So, being home for nearly three weeks gave me some insight on a ton of stuff. First time my boyfriend saw me cry, and he felt helpless. (We keep in contact over skype since we are in different cities.) He wishes he was near so he could take me to the ER. My parents, whom I am staying with while I try to recover from this ache, still do not think that this is ER worthy. So when the pain actually hits, I cant get up and take myself there. I just have to suck it up and either wait for it to pass, or pass out from said pain.
On the other side, I joined the gym the other day. Their resistance pool, lazy river, and hot tub are really good on my back. Jogging on the treadmill seems to help calm the pain, too.

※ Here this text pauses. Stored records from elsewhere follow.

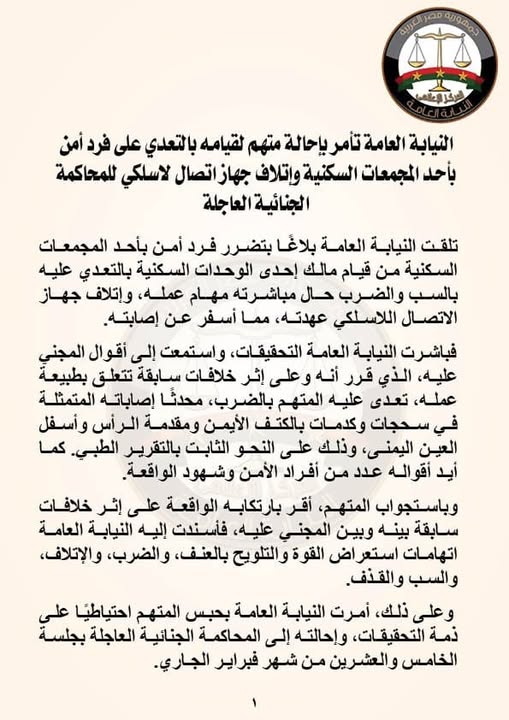 اصدرى النيابة العامة بيانا منذ دقائق بإحالة قضية ضرب موظف أمن بالتجمع الخامس الى المحكمة الجنائية , وذلك بعد الانتهاء من كافة التحقيقات .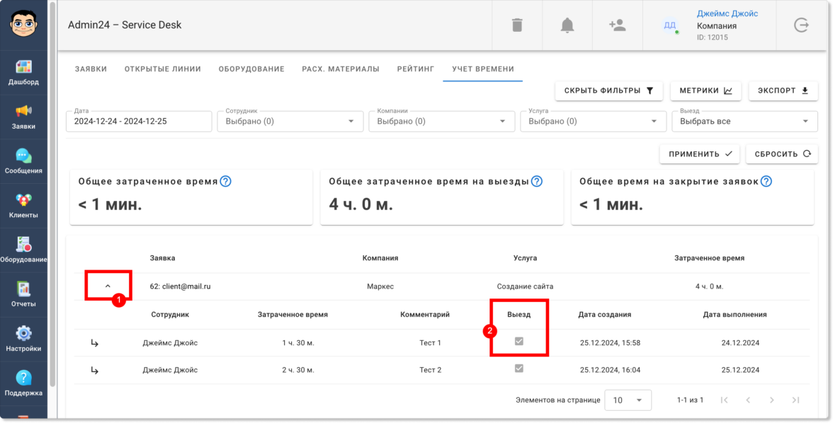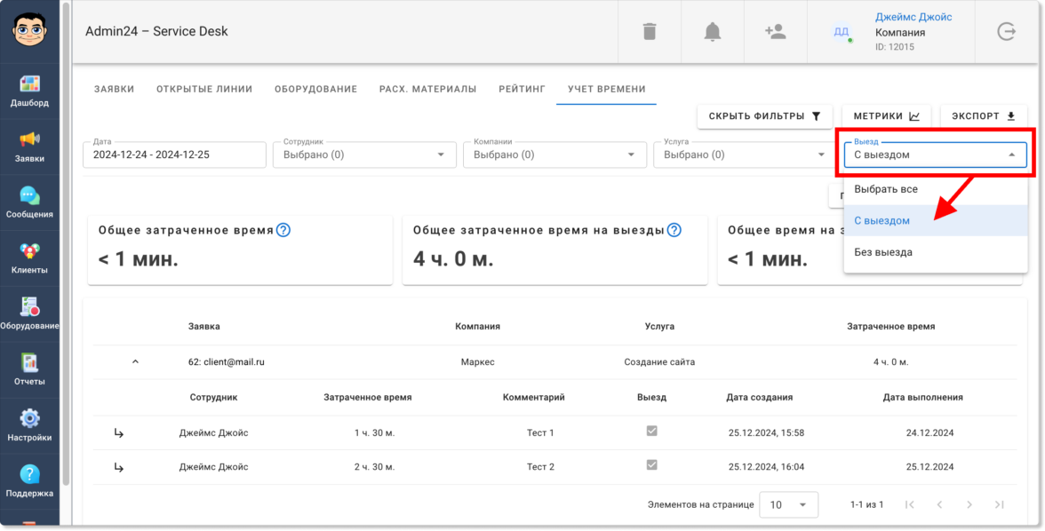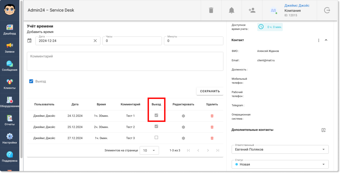 Теперь внутри заявок в Admin24 при добавлении времени можно помечать, что оно задано для выездных работ.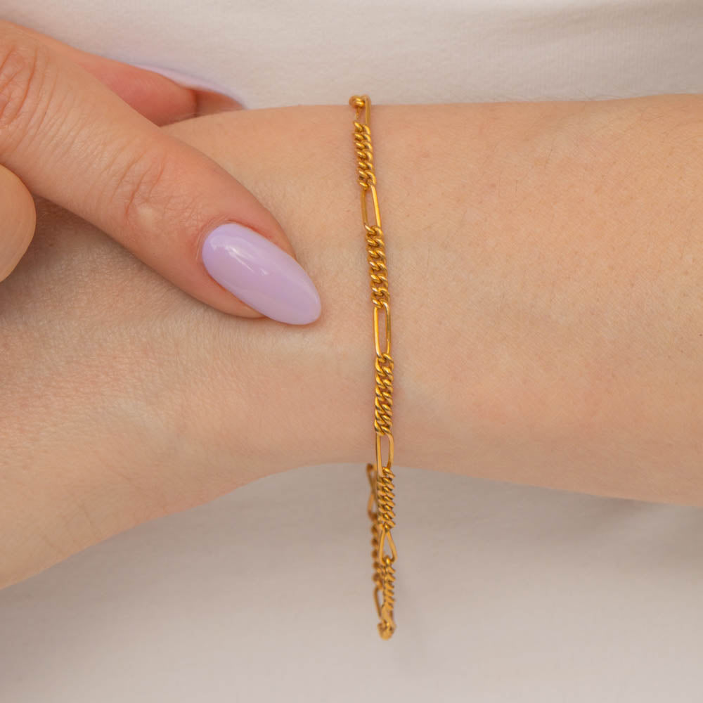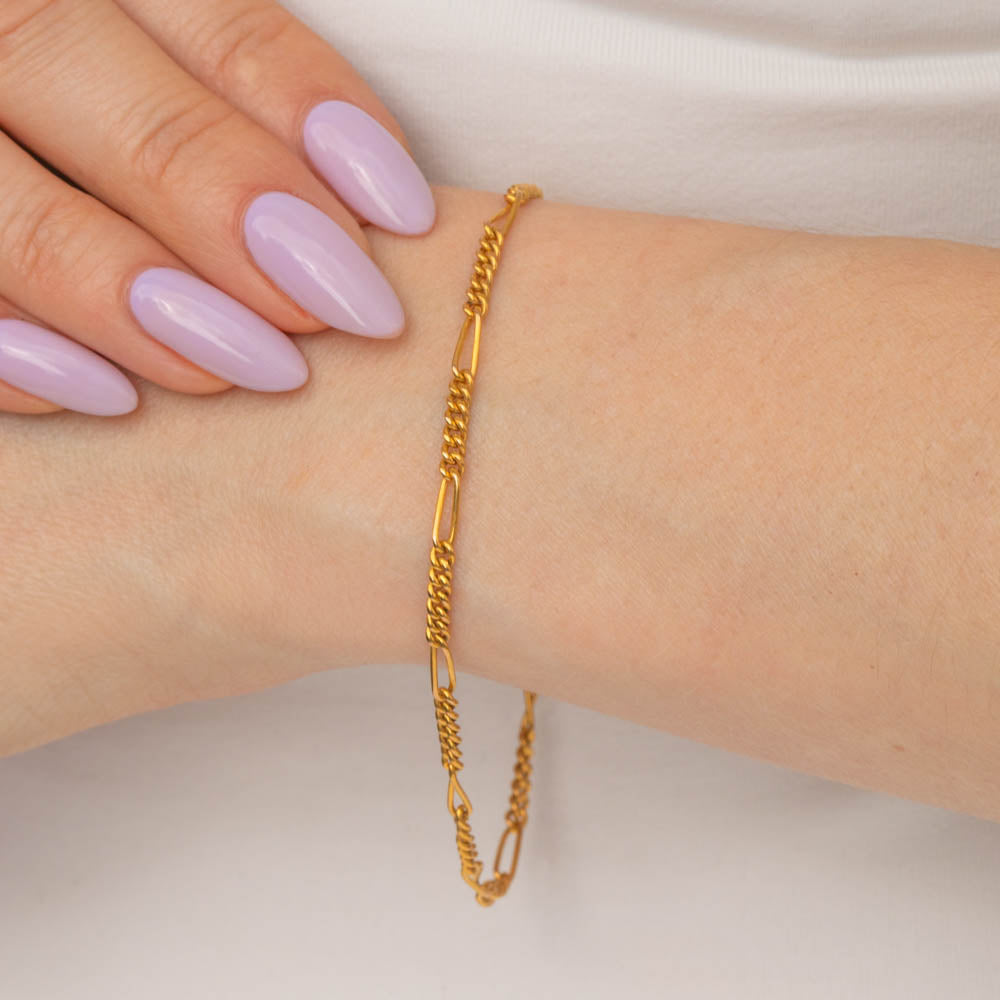 The delicate design of this Victorian Gold bracelet makes her a wonderful addition to any wrist stack, or wear her alone to add a subtle splash of splendour to any attire. You won't regret becoming the new proud owner of this Gold Figaro bracelet!

Back to the grim side, the pain has allowed me to dwell on bad thoughts and bad memories. The betrayal and abandonment that so many of my 'friends' did to me... I have almost nobody left in this town. No one to hang out with, to help take my mind off things. Yes I know that I am an adult and that I need to just suck it up, but with these memories resurfacing, its nearly impossible to. Its been what.. Two, three years now since my best friends decided to abandon me? Why can't I get over it and move on?
Without support, and with all this pain, I can only imagine what is ahead. I shouldn't jump to conclusions, but all I can see so far is me losing my job, unable to do anything about it. It feels so disabling, and I fear what lies ahead.
My apologies that my thoughts seem scatted about. I have gotten between 2-4 hours of sleep since this pain started.